The prosecution of Diaz highlights the degree to which U.S. interrogation and detention policies have become unjustifiably arbitrary. Our detention policies scoop up the innocent and the guilty alike — and Diaz, who broke the law in an effort to prevent abuses, found himself aggressively prosecuted, while others who committed abuses remain wholly unaccountable. That’s no way to promote the rule of law…
The jury understood that the persistence of deep injustice may lead some to break the letter of the law in an effort to uphold the law’s spirit. When Diaz mailed the list of detainees to human rights lawyers, he did the wrong thing — but he did so for all the right reasons.
All prosecutors make choices about which cases to pursue and which to drop. The Diaz case is exactly the sort that no conscientious prosecutor would ever have pursued. And the juxtaposition of this case with the enormous number of prisoner abuse cases that go unprosecuted reveals something totally perverse: a prosecutorial intention to subvert the Rule of Law.
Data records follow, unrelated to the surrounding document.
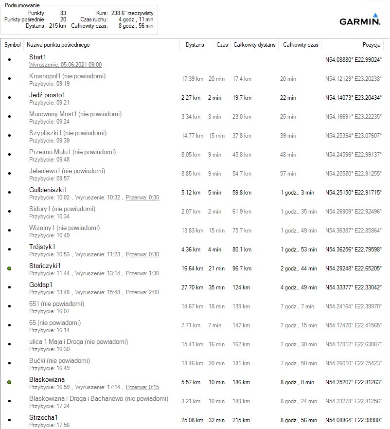 Sumaryczna długość trasy 215 km, 9 h podróży (9.00 – 18.00).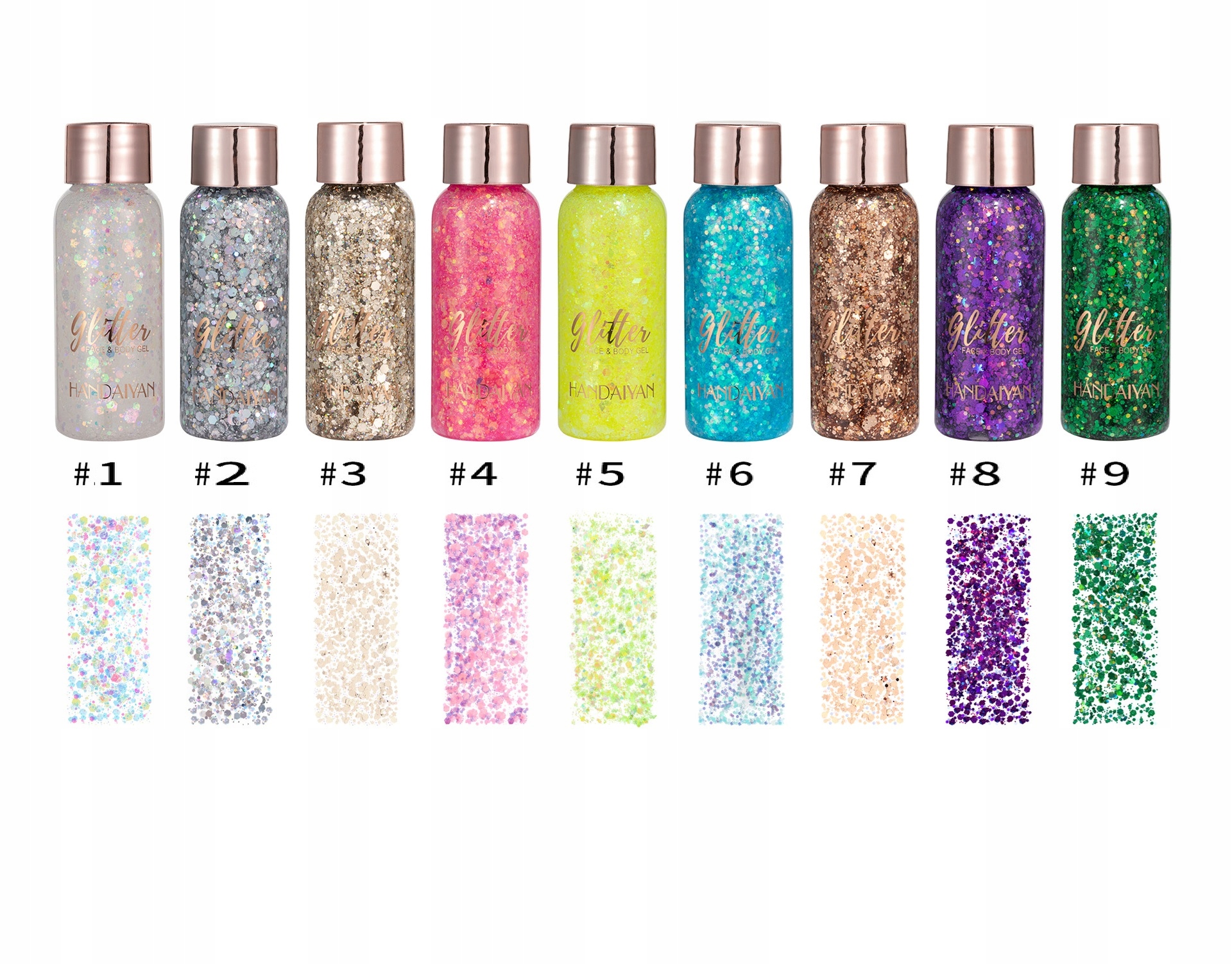 - Формула премиум -класса - изготовлена из безопасных материалов с низким раздражением, она идеально подходит для всех типов кожи, имеет хорошую адгезию и является водонепроницаемой и может эффективно адсорбировать на поверхности кожи без дополнительного клея благодаря идеальному комбинации блесток и клея. Вы можете напрямую украсить любую часть тела.
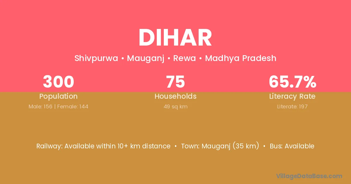 Mauganj (35 km) is the nearest town to Dihar village for major economic activities and is located approximately 35 km away.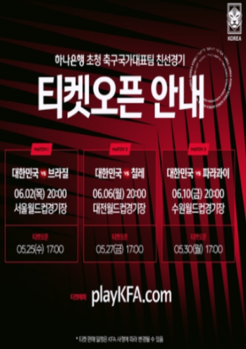 • 예매는 **PlayKFA 공식 플랫폼(웹 및 앱)**을 통해 진행됩니다. 일부 좌석은 하나은행 ‘하나원큐’ 전용 판매가 따로 있으므로 예매 채널을 미리 확인하세요.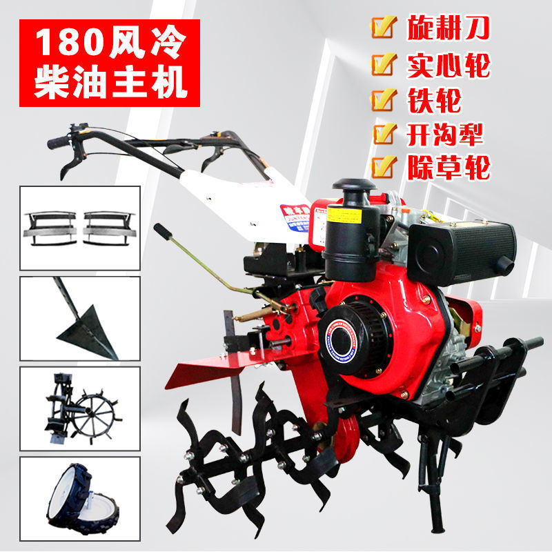 • 180 공냉식 디젤 + 회전 경운기 + 고무 바퀴 쟁기 및 제초 - [한정 기간 동안 무료 엔진 오일, 8열 회전 경운기, 고급 모델]

This is not justice. Rather it is the precise opposite.
More from Scott Horton:
No Comment — April 12, 2013, 11:11 am
A new report from Seton Hall University exposes government surveillance of attorney-client conversations
No Comment, Six Questions — March 18, 2013, 9:00 am
Rashid Khalidi on how the United States sustains the failure of the Israel-Palestine peace process
No Comment, Six Questions — February 4, 2013, 9:00 am
Alex Gibney on his documentary investigating the Roman Catholic Church’s handling of child sex-abuse cases


Years of consideration preceding the inclusion of the word “phat” in Random House’s 1996 Compact Unabridged Dictionary:

Scientists created crash helmets that stink when cracked and fruit flies to whom blue light smells delicious.

In Belize, a construction company bulldozed a 2,300-year-old Mayan temple to make road fill.
“This is the heart of the magic factory, the place where medicine is infused with the miracles of science, and I’ve come to see how it’s done.”